On $[0,1]$, for $1\leq{}p<\infty$, If $f_{n}\rightarrow{}f$ a.e. and $||f_{n}||_{p}\leq{}M \space\space\forall\space n$, show that $f_{n}\rightarrow{}f$ weakly in $L^{p}$.

I thought about it for some time, but I could not come up with a proof. Then suddenly it seemed that I found a counter-example for this statement. Can anybody help me judge whether my counter-example is valid?
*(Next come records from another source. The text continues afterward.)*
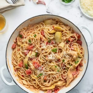 Tomatoes, artichokes, and cream come together in this delicious 20 minute Artichoke Pasta recipe. A super quick and easy dinner that’s great for any night of the week.
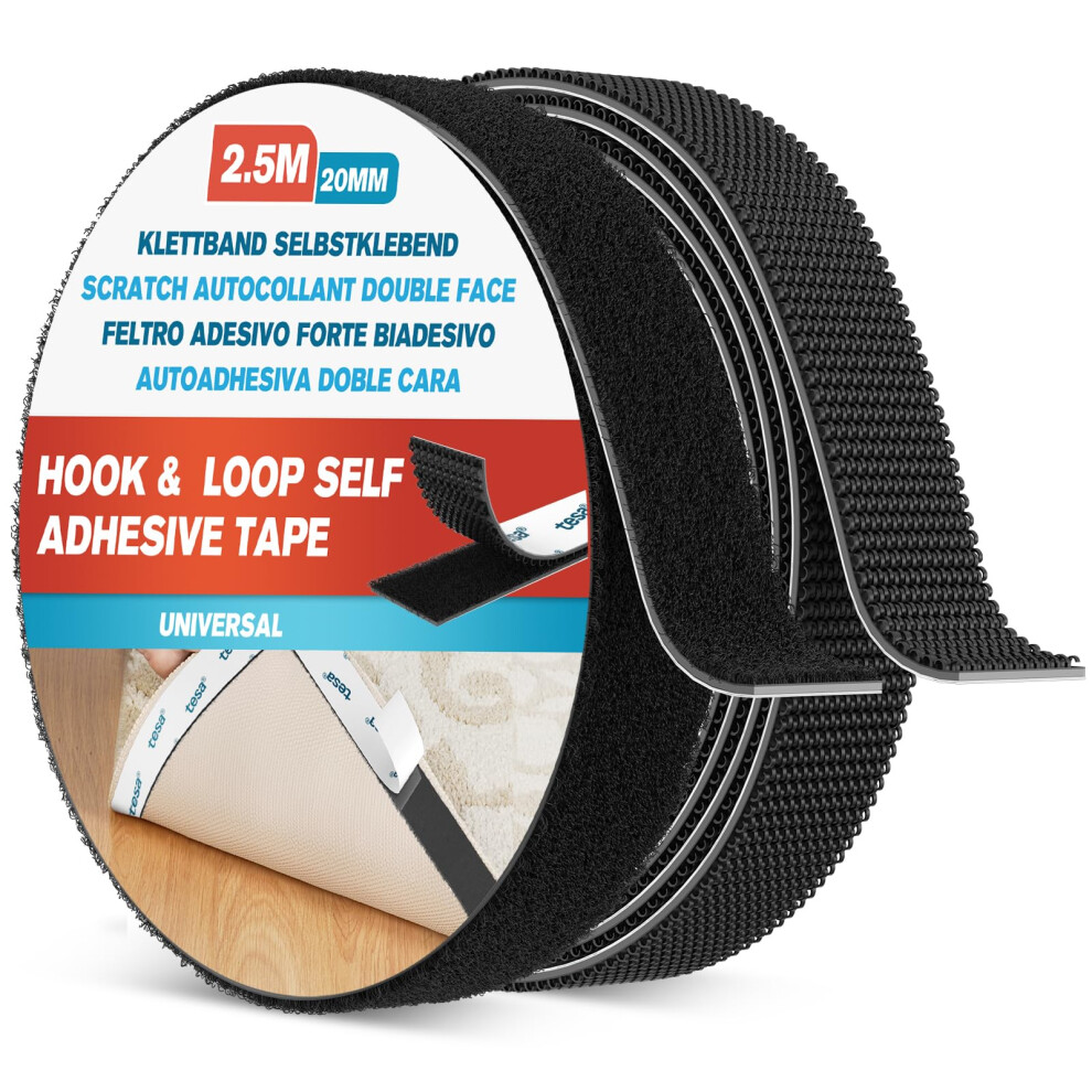 Emitever Hook and Loop Tape Heavy Duty, Multipurpose Strong Self Adhesive Double Sided Strip Sticky Back Mounting Tape, Black (20mm x 2.5m)
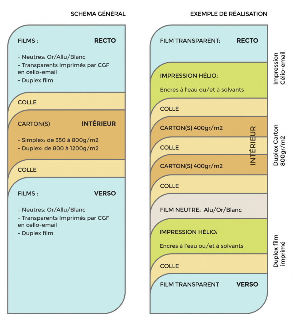 Pluri-technique : chaque fabrication fait l’objet de plusieurs opérations consécutives : impression, contre-collage, découpe etc.
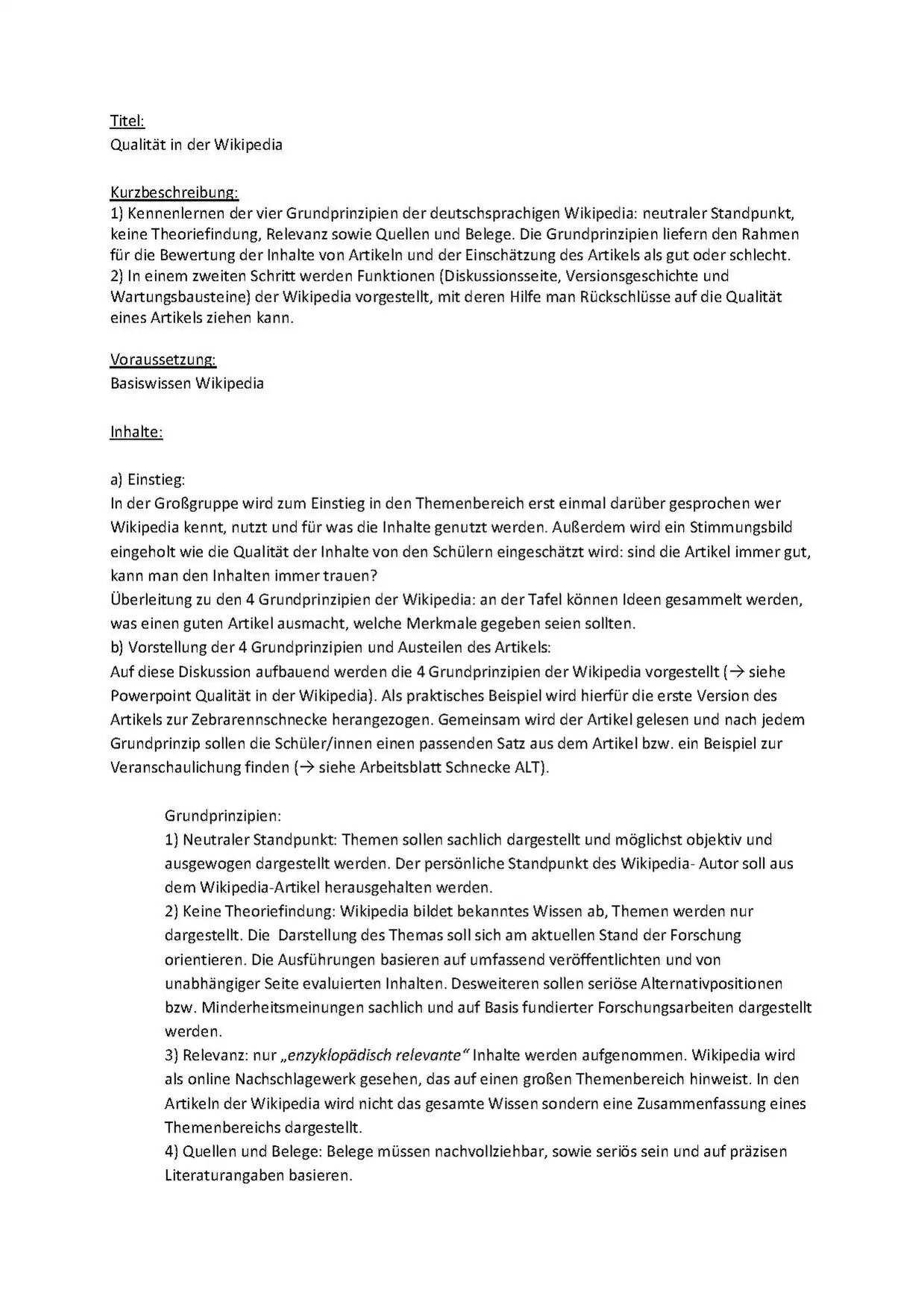 Die SchülerInnen erarbeiten Merkmale, mit deren Hilfe sie die Qualität der Inhalte eines Artikels als gut oder schlecht einzuschätzen lernen. Hierfür werden ihnen die vier Grundprinzipien der Wikipedia, sowie Wartungsbausteine und grundlegende Funktionen (Diskussionsseite, Versionsgeschichte) vorgestellt.
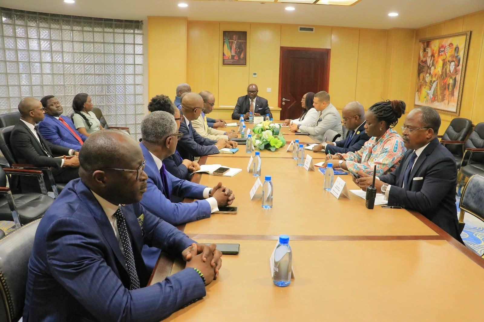 Africa-Press – Gabon. Le Conseil de l’Ordre des avocats, dirigé par le bâtonnier Raymond Obame Sima, a été reçu mardi au Palais Léon Mba par le président de l’Assemblée nationale, Michel Régis Onanga Ndiaye, et sa première vice-présidente. La délégation a plaidé pour une modernisation du cadre législatif et un renforcement de l’État de droit, à l’heure de la cinquième République.
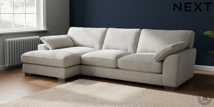 7.2.10 Stamford Grand Relaxed Sit Large Sofa Chaise - Left Hand Multi Weave Light Blue Large Square Angle - Gunmetal | Made Click here to use our website with more accessibility support, for example screen readers
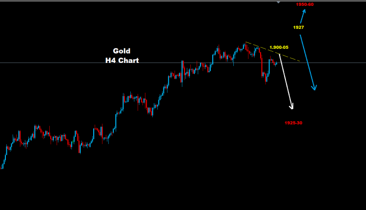 فوق مستويات 1905 فإن الذهب سيواجه مستويات مقاومة على مناطق 1917 و1927 والتي قد تدفع إحداهما بحركة تصحيحية جديدة هابطة على السوق نحو مناطق 1870
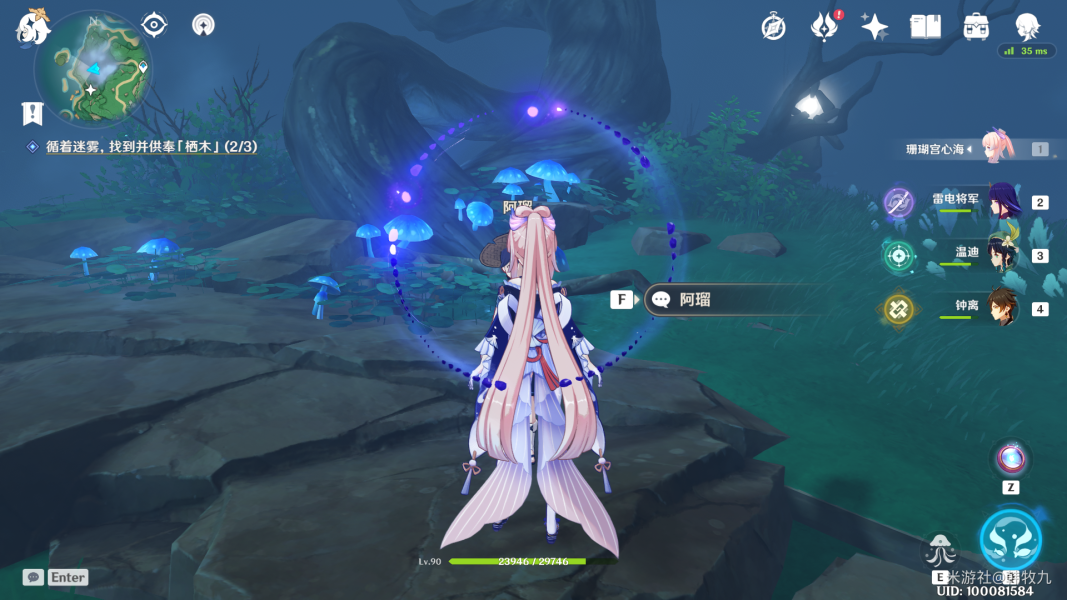 找到阿瑠对话,触摸栖木后你会看见三根羽毛都落下去了,下面都是水,这里需要触发三个仙灵的机关
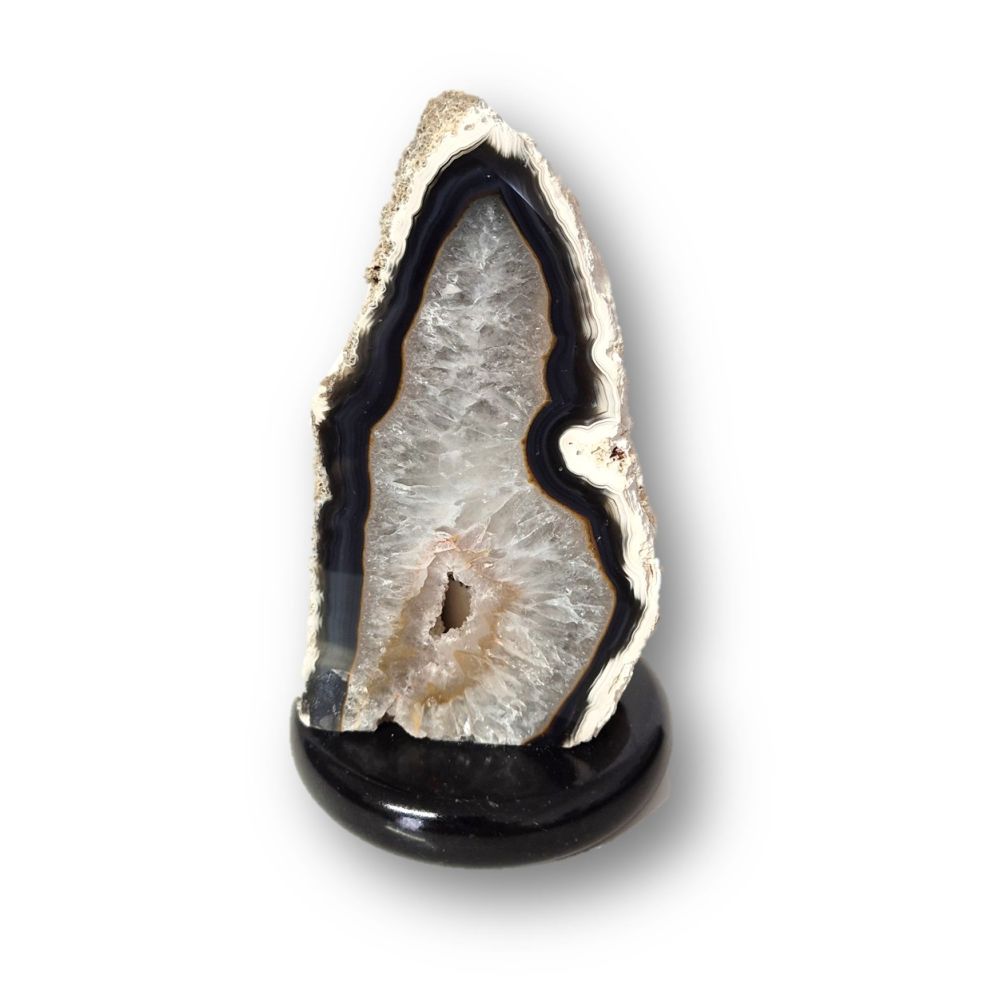aus einer Achatgeode gearbeitet - Vorderfront poliert, rundum Natur belassen
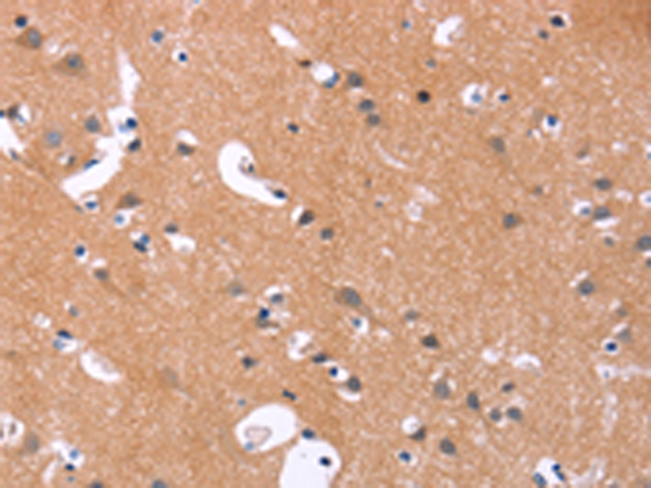 The image is immunohistochemistry of paraffin-embedded Human brain tissue using P04308(MAPK11 Antibody) at dilution 1/30. (Original magnification: ×200) |
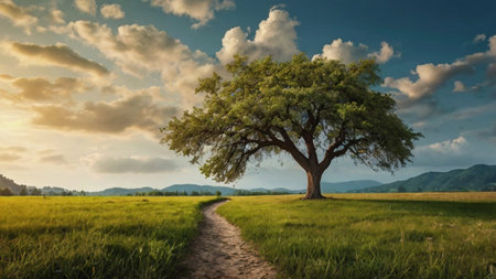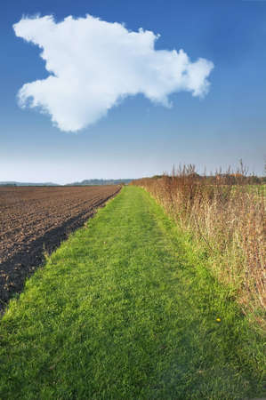 Rolling countryside with a dirt road and a blue cloudy sky in summer. 3D render.
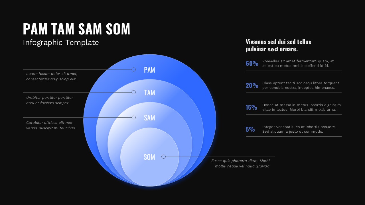 Blue concentric circle infographic labeled PAM, TAM, SAM, SOM with percentage breakdown and side text callouts.
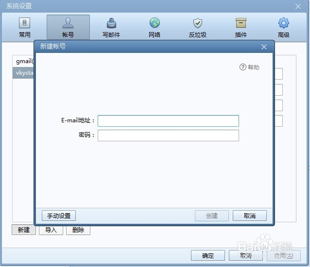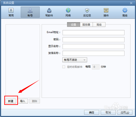 同樣在賬號(hào)設(shè)置的選項(xiàng)卡中,點(diǎn)擊選擇”新建‘功能來(lái)新建添加賬號(hào)
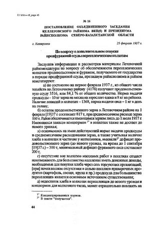 Постановление объединенного заседания Келлеровского райкома ВКП(б) и президиума райисполкома Северо-Казахстанской области. с. Келлеровка, 25 февраля 1937 г. // ГАСКО. Ф. 1189. Оп. 23 Д. 9. Л. 71 и об. Подлинник.

$$ f_{n} = \begin{cases} n^{2}x, & x\in [0,\frac{1}{n}] \\ 2n-n^{2}x, & x\in[\frac{1}{n},\frac{2}{n}] \\ 0, & x\in[\frac{2}{n},1] \end{cases} $$

$$ g=1 \text{ on } [0,1] $$

$$ f=0 \text{ on } [0,1] $$

Then it seems to me that $f_{n}\rightarrow{}f$ a.e. on $[0,1]$, $f\in{}L^{1},g\in{L^{\infty}}, ||f||_{1}=1\leq2$. But $\int{f_{n}g=1\nrightarrow0=\int{fg}}$. So $f_n$ does not converge weakly to $f$ in $L^{1}$.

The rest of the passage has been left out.